Qadhi’s rhetoric reflects a deep inferiority complex and a need for approval from the very institutions that undermine Islam. This mindset lies at the heart of what Sardar calls the “Brown Sahib” someone who sees himself and wants to be see as a mirror of the colonizer.  The Brown Sahib is a believer in Western superiority, convinced that progress requires disowning his own tradition, he believes that Islam must be reframed through Western categories in order to be respectable. It is a legacy of colonial thinking, best captured in Macaulay’s infamous 1835 statement.

“We must at present do our best to form a class who may be interpreters between us and the millions whom we govern; a class of persons, Indian in blood and colour, but English in taste, in opinions, in morals, and in intellect.4

Sardar describes how colonial systems deliberately manufactured such figures through education systems that divorced them from their own cultures and made them ashamed of their traditions. The goal was never just physical control but intellectual dependency. This colonial mindset persists in the native informant who speaks not for Islam, but for the West’s view of Islam. Yasir Qadhi increasingly plays this role with remarkable precision. He has become the sort of “interpreter” Macaulay hoped for: native in blood, but Western in intellect. Sardar may not have had Qadhi in mind when describing the “Brown Sahib,” but the shoe fits so well it might as well have been tailor made.

Al-Aʿẓamī Unmasked Orientalism—Qadhi Surrendered to It

Professor Muṣṭafā al-Aʿẓamī (d. 2017) is a powerful example of a scholar who remained firmly rooted in traditional Islamic knowledge while also mastering the tools of Western academic research.5 His famous book Studies in Early Hadith Literature is not just a defence of the Sunnah, it is also a thorough refutation of Western Orientalist attacks on the hadith sciences.

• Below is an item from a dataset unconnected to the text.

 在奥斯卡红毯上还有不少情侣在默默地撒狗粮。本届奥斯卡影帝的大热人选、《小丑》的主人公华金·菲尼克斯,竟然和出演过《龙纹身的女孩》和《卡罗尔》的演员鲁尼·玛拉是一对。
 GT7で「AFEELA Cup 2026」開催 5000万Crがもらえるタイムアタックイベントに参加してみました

Al-Aʿẓamī was classically trained in the madrasa tradition, memorising Qur’an, studying with leading ḥadīth scholars in India, and later training at al-Azhar. Yet his PhD from Cambridge University, praised by his examiner Professor A.J. Arberry as “one of the most exciting and original investigations in this field of modern times,” showcases his ability to operate within Western scholarly standards. Unlike Qadhi, Professor Al-Aʿẓamī did not use his academic training to undermine Islam. Instead, he used it to expose the weaknesses in the arguments of Orientalist scholars like Ignaz Goldziher and Joseph Schacht.

Using Western historiographical tools, al-Aʿẓamī was able to affirm the normative Sunni view that hadith literature, far from being a later fabrication, was systematically preserved from the earliest generations. He also shows that the hadith sciences were developed early on, with rules of narrator evaluation and isnād criticism that rival any Western historical method in precision and care.

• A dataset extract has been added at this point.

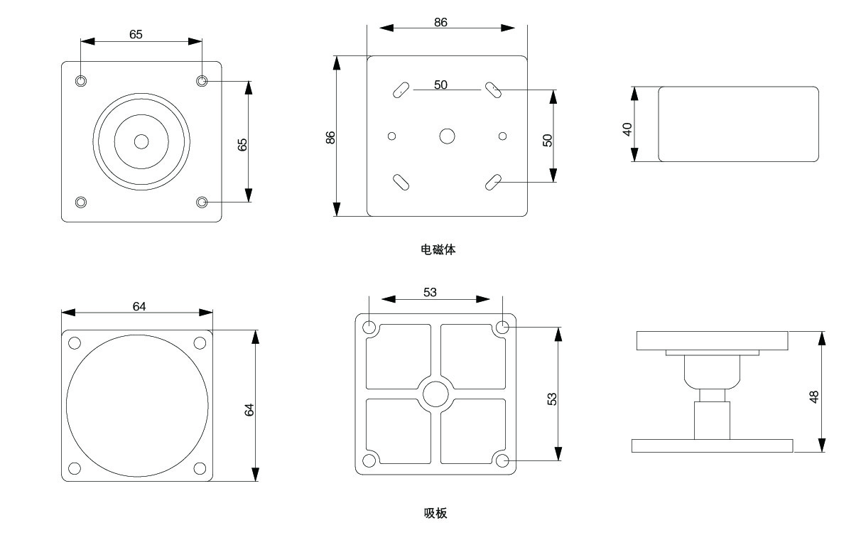 安裝方式 電磁體安裝在墻面上,吸板安裝于門上

Unlike Qadhi, Professor al-Aʿẓamī not only mastered the tools of Western Orientalism particularly in areas like hadith criticism and historiography but critically assessed them from within the Islamic paradigm. He engaged Western methods without being intellectually subdued by them. He saw their limitations, exposed their biases, and used them to strengthen the Islamic tradition rather than undermine it. Qadhi, on the other hand, did not merely borrow these tools he embraced the entire Orientalist framework that produced them. The brown sahib that he is, Qadhi failed to critically dissect the assumptions of Western scholarship, assumptions that even non Muslim thinkers like Edward Said and Frantz Fanon recognised and challenged. Instead of questioning the lens, he looked through it. He did not see Orientalism as a colonial enterprise of intellectual domination, but as a path to enlightenment. In doing so, he became its archetype: the native informant, fluent in the language of doubt, alienated from the tradition he once claimed to defend.

Conclusion

The case of Yasir Qadhi illustrates Fanon’s warning in full. The colonised intellectual, the brown sahib eager to appear reasonable to his masters, sheds his own tradition piece by piece until nothing remains but a mask. What began as engagement ends as erasure. And in this erasure, Qadhi no longer speaks for Islam but for the West’s version of it. He has worn the coloniser’s mask for so long, he no longer knows what his own face looks like..

Also see this article.

References

Azami, Muḥammad Muṣṭafā. Studies in Hadith Methodology and Literature. Indianapolis: American Trust Publications, 1977.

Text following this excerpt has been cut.